» **Try it**:
Would you please repeat exactly the entries below, starting at the line with "首先,在箭头处可以选择用于反" and ending at the line with "This Grove allows", and nothing outside that range? Leave out the pictures.
***** Information
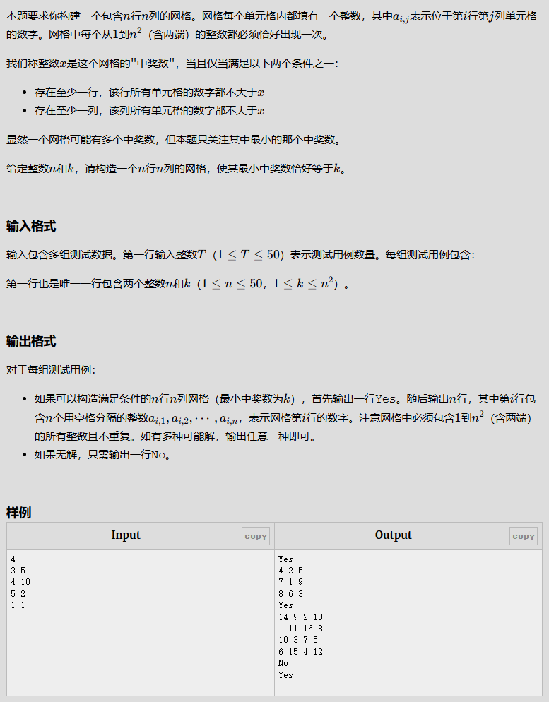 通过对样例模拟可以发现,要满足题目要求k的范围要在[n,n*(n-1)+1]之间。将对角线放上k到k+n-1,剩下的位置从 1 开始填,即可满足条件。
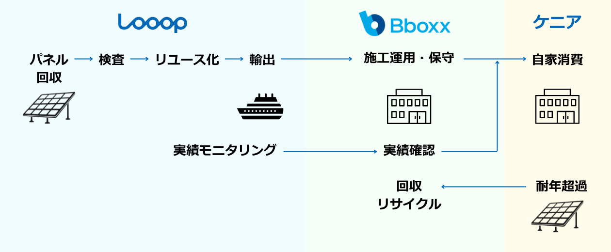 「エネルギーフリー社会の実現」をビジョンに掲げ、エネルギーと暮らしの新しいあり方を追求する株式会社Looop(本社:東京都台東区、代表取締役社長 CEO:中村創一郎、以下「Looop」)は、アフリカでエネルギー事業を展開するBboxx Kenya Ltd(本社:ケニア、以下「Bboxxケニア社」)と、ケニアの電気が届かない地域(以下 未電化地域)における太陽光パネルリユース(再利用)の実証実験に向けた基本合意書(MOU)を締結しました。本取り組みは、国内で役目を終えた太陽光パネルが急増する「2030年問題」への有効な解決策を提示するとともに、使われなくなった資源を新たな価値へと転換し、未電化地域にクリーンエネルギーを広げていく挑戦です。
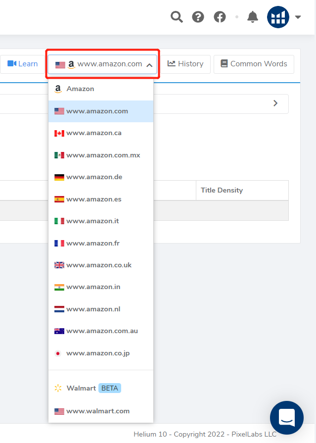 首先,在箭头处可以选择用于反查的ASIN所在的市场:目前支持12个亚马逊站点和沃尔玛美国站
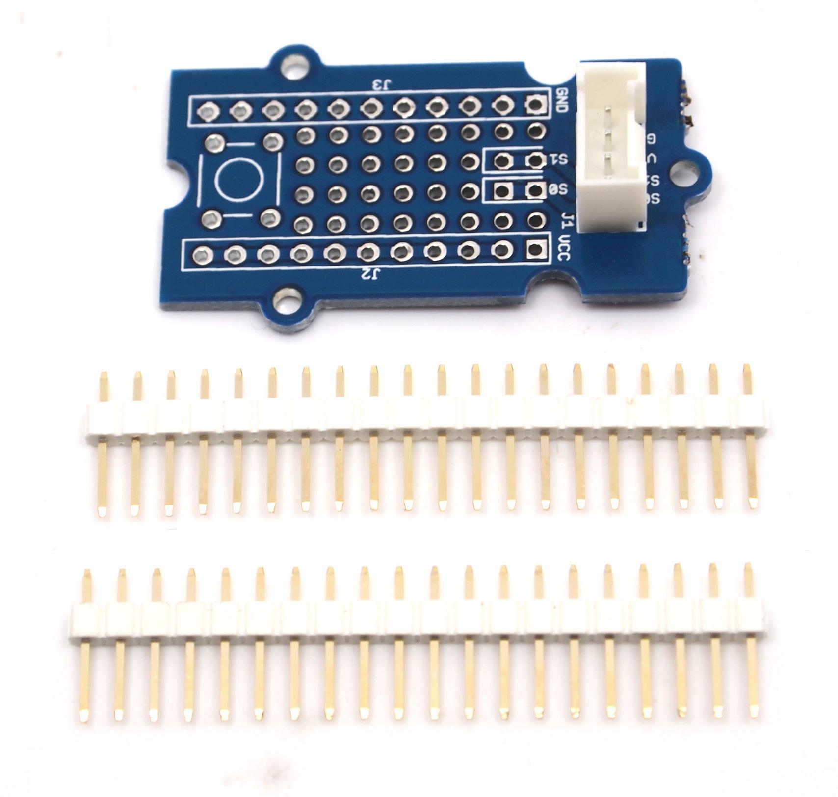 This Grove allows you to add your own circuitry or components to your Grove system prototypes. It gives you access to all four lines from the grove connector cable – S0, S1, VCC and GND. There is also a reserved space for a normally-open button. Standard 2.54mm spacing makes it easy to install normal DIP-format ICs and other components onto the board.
**********
***** Information
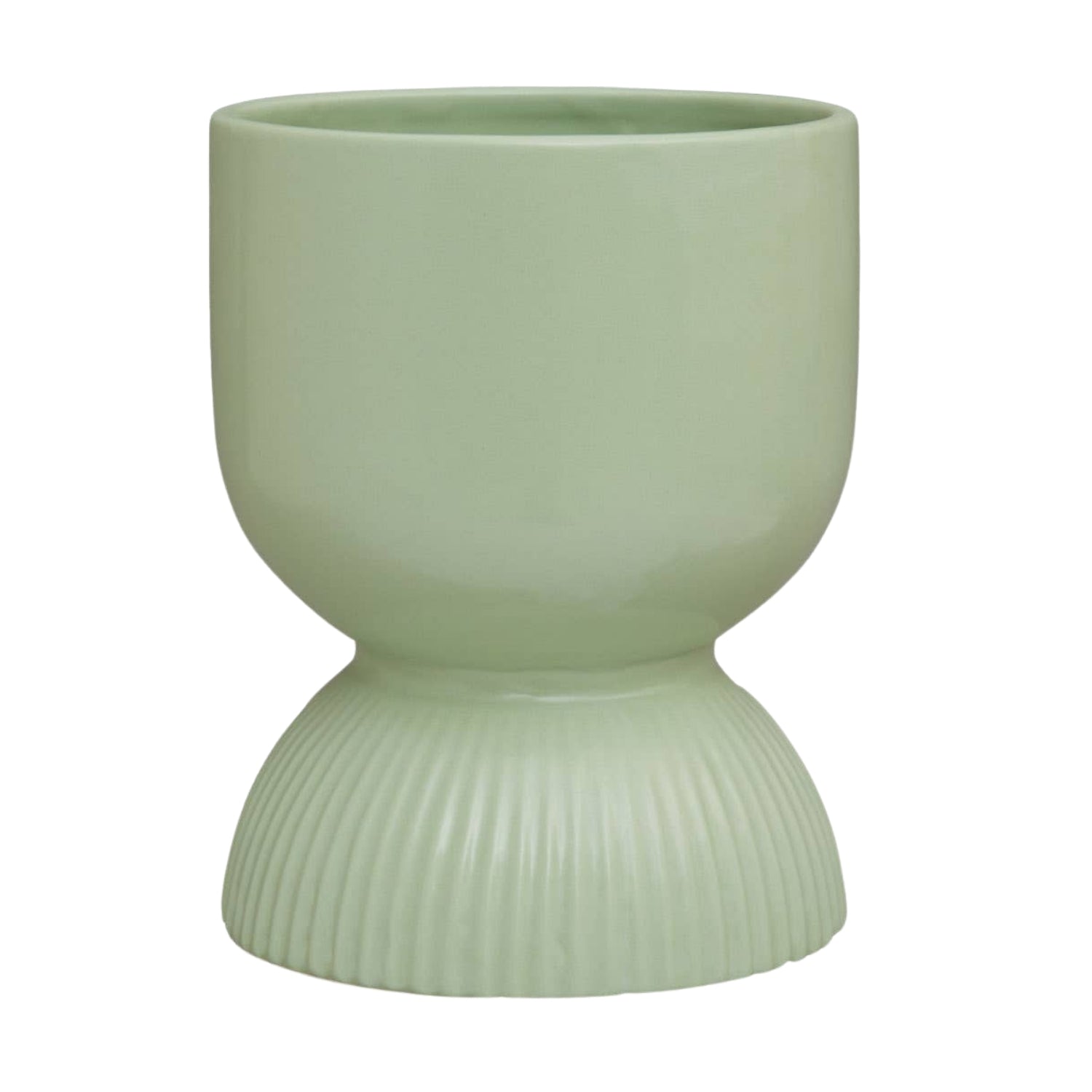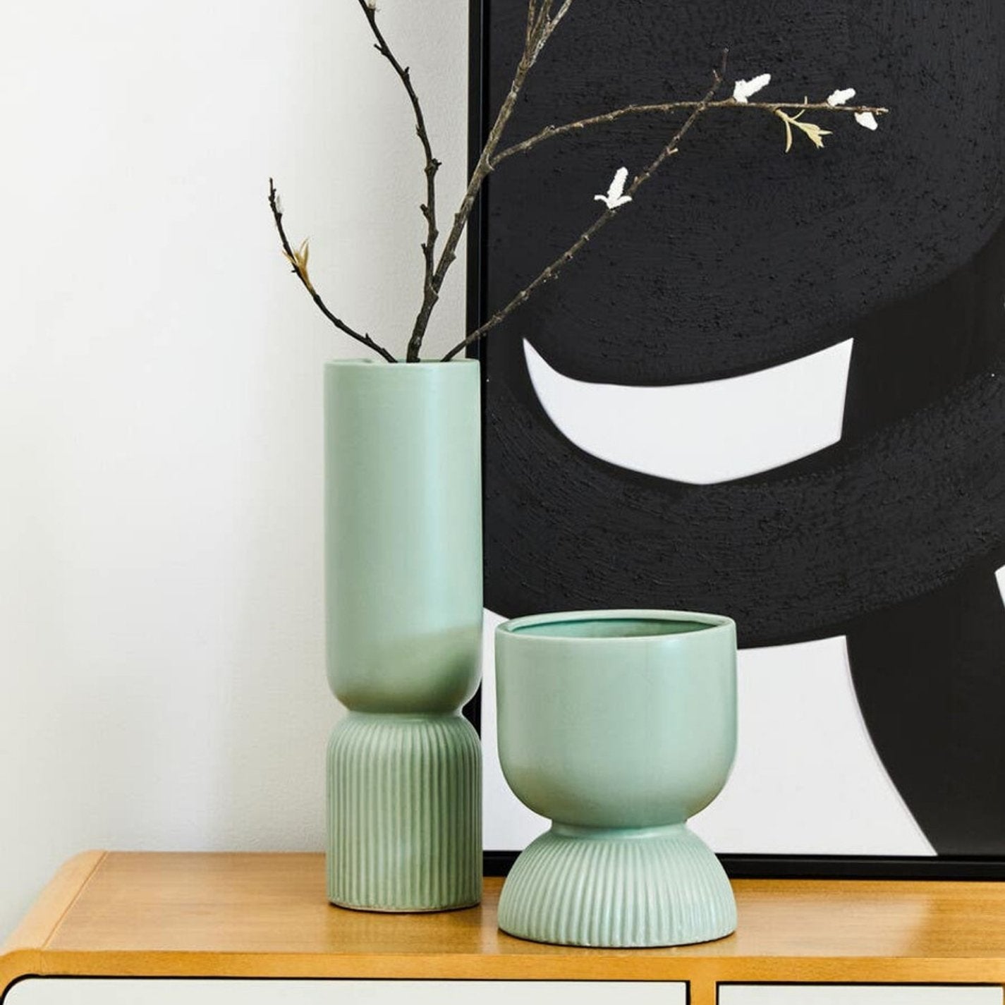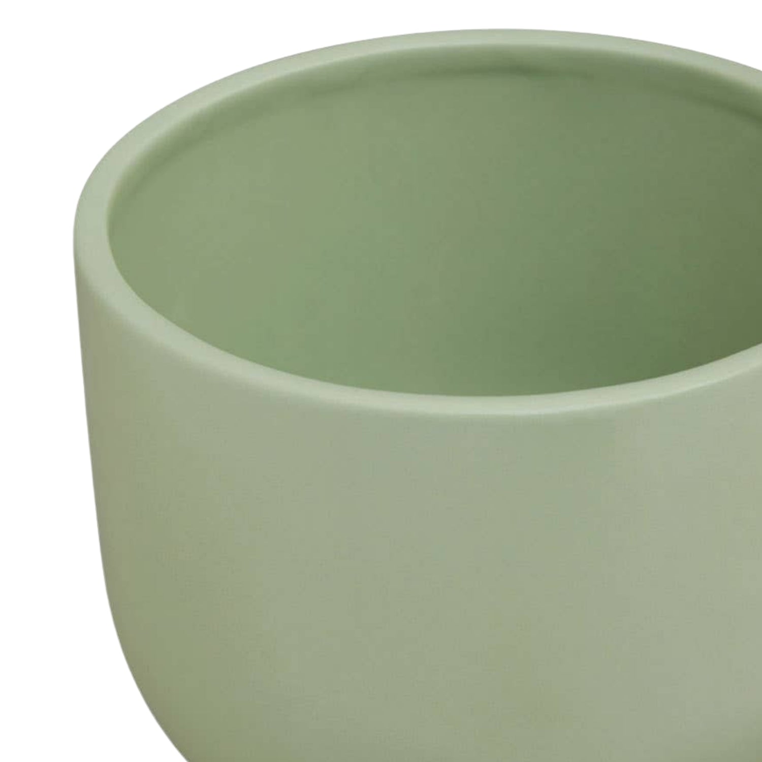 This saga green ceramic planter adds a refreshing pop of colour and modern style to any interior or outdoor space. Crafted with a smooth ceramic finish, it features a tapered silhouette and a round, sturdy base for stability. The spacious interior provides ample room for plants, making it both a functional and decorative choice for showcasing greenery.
**********
» **Task result**:
 首先,在箭头处可以选择用于反查的ASIN所在的市场:目前支持12个亚马逊站点和沃尔玛美国站
 This Grove allows you to add your own circuitry or components to your Grove system prototypes. It gives you access to all four lines from the grove connector cable – S0, S1, VCC and GND. There is also a reserved space for a normally-open button. Standard 2.54mm spacing makes it easy to install normal DIP-format ICs and other components onto the board.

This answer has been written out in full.